Segment Start: DATA
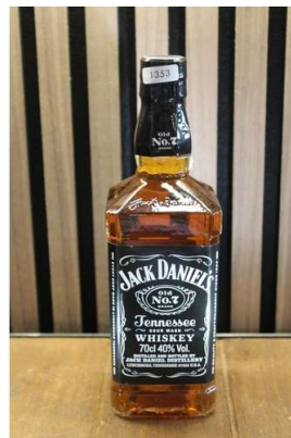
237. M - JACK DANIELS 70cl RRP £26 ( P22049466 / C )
Segment End: DATA
Segment Start: DATA
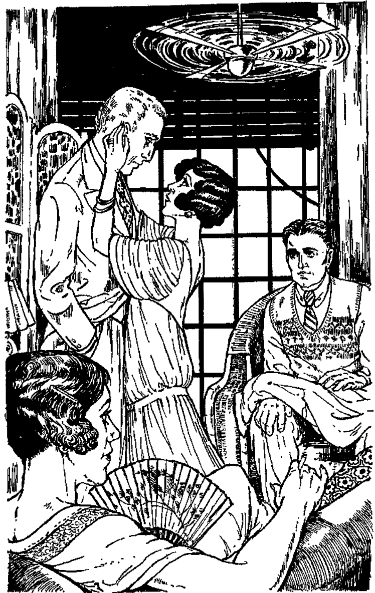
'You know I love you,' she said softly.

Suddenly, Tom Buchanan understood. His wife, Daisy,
Segment End: DATA
▸ **REQUIRED WORK**
Reprint exactly the lines above that start at the one with "she said softly." and end at the one with "Suddenly, Tom Buchanan", keeping both and adding none.

▸ **OUTPUT**
'You know I love you,' she said softly.

Suddenly, Tom Buchanan understood. His wife, Daisy,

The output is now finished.